September 2007

Hooked on books

By Suzanne Strazza

I am the librarian who has lost library privileges.

Due to my easy access to the wonders of the Mancos Public Library and all that it has to offer, I have checked out everything from Crockpot Cookbooks to Castle-Constructing videos to Chicka Chicka Boom Boom (a beloved board book from the days of toddlerhood).

Each day, as I return books, tapes, CDs and videos to their rightful places on the shelves I am exposed to titles that spark my interest, inspiring me to bring them home for further investigation and exploration. I find politics for Tom, dragon tales for the boys and parenting, cooking and fluff for me. I bring home more books than I shelve. My card is constantly maxed out, as are my children’s. There are stacks of borrowed items all over the house – kitchen, living room, bathroom, my car.

And this is where I run into trouble.

Somehow or another, even though I am at the library multiple times a week, I find it very difficult to return things on time. Believe me, I have the very best intentions, but somehow, getting a book from the bedside table into the car and then into the drop box is a bit too much for me.

And usually, somewhere along that path, the item either regains my interest, gets a huge muddy footprint on its cover, or vanishes.

Some people ponder the mysteries of a single sock disappearing. For me, it’s library books.

I am meticulous in so many other areas of my life. I am anal about being on time (as many of my irritated, less uptight friends will attest to). When I have no children or husband in the house, it is immaculate and organized. My files are in order, as I have not one but two filing cabinets. And, I am a list-keeper-checker-off-er. Every morning I chart what I will do for the day (including returning library books) and have a brief moment of satisfaction as each item gets crossed out

So then, why the hell am I such a mess about returning library books?

Is there some deep-rooted childhood trauma that plagues me, preventing me from functioning properly in the world of public library? Did I burn that part of my brain out during my “experimental” years? Has motherhood just taken its toll?

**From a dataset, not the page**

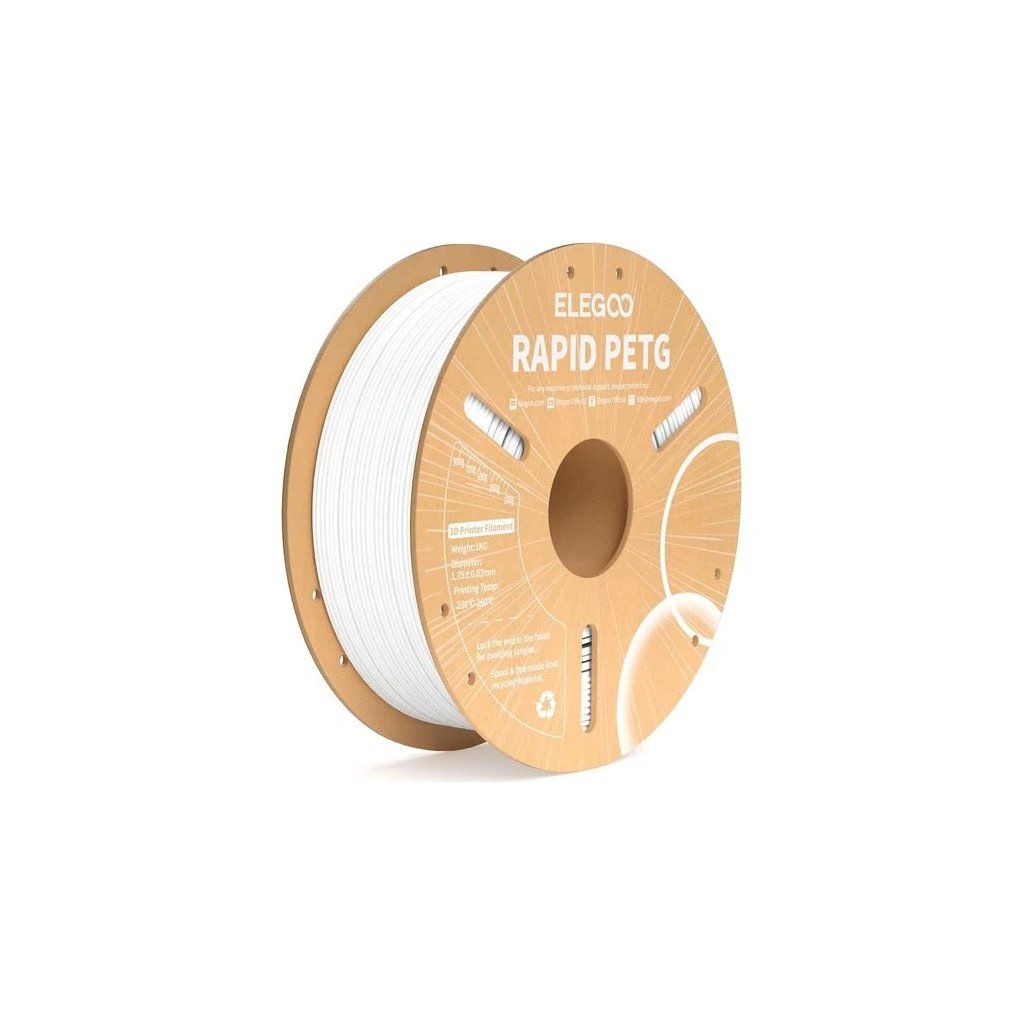 Pri tlači s použitím tohto filamentu sa úplne vyhnete problémom s upchávaním trysiek alebo bublinami na povrchu vytlačeného modelu. Okrem toho je univerzálne kompatibilný so všetkými bežnými 1,75 mm FDM 3D tlačiarňami, ako sú napríklad tlačiarne radu Neptune 3, Neptune 4 a ďalšie. V záujme ekologickej udržateľnosti sa všetky vlákna Elegoo RAPID PETG dodávajú s ekologickou kartónovou cievkou, ktorá sa rozkladá rýchlejšie ako plastové cievky. Cievka je vybavená tromi pozorovacími otvormi, takže môžete ľahkopozorovať zostávajúce vlákno a včas ho vymeniť.

There really is no logical answer.

In the past year, I have lost (and paid to replace) three books on tape, plus two books – and that is just here in Mancos. I have an outstanding fine of $16 at one library and need to replace a Nutcracker Ballet video at another. I have ILL’s (interlibrary loans) strewn across my coffee table which are missing the little tags that remind me when they are due back.

My name is mud.

Sometimes, I check things out under Tom’s name or one of the kids’, but Tom received a phone call the other day about an overdue and a lost book and I began to feel guilty about ruining his library credit.

Good god, if they checked your credit report before they let you have a card, I would be unmortgageable.

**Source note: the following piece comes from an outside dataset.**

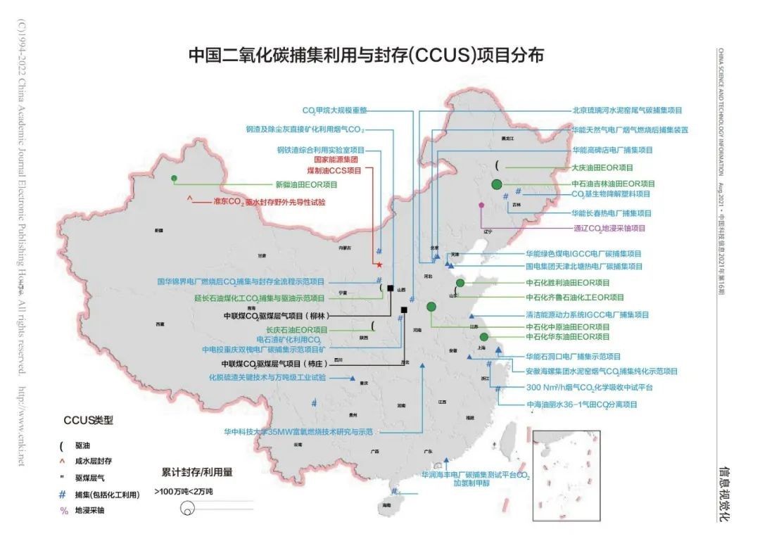 未来十年是规模化推广CCUS应用的关键时期。放眼全国,多个省份正在加快布局CCUS项目,2021年底CCUS项目已在中国落地近30项。

My boys, of course, have been dragged into this. My expectation is that if I bring a book or a tape home for them, they will somehow manage to keep track of it – since I have set such a fine example. Then, when a cover is torn off or a tome vanishes into the fray, I of course lecture them on responsibility for public property.

All of this led to my recent, traumatic, baffling and humiliating experience with “Midnight for Charlie Bones,” a kid’s book on tape. I brought it home three months ago for the boys’ listening pleasure. It disappeared off our radar about 30 minutes after I brought it home and was never even begun. As I went to work and it repeatedly appeared as overdue on my card, I just kept renewing it, having absolute faith that we would find it at some point. Two months into the ordeal, while cleaning Bowen’s room, we found all of the tapes and even the box that houses them. Within five more minutes, I had an empty box and the tapes were again…GONE.

Go Figure.

Another month was spent looking high and low, but to no avail. At staff meetings, one of the other librarians would bring up “the problem of the Charlie Bones tape.” and I would vow once again to find the damn tapes.

Finally, this week, I threw out the empty box and submitted, “OK, I give up, I’ll buy a new one.” Then I added, “And we won’t check out anything else for a while.”

The next morning, while searching through Bowen’s underwear drawer for two matching socks, we found the tapes! Perhaps if the drawer had been opened during the summer, they would have been discovered sooner.

Which, brings up another issue:

I don’t know which is worse – to be the librarian who loses books and privileges, or to know that my child hasn’t worn underwear in three months!

Suzanne Strazza writes from Mancos, Colo.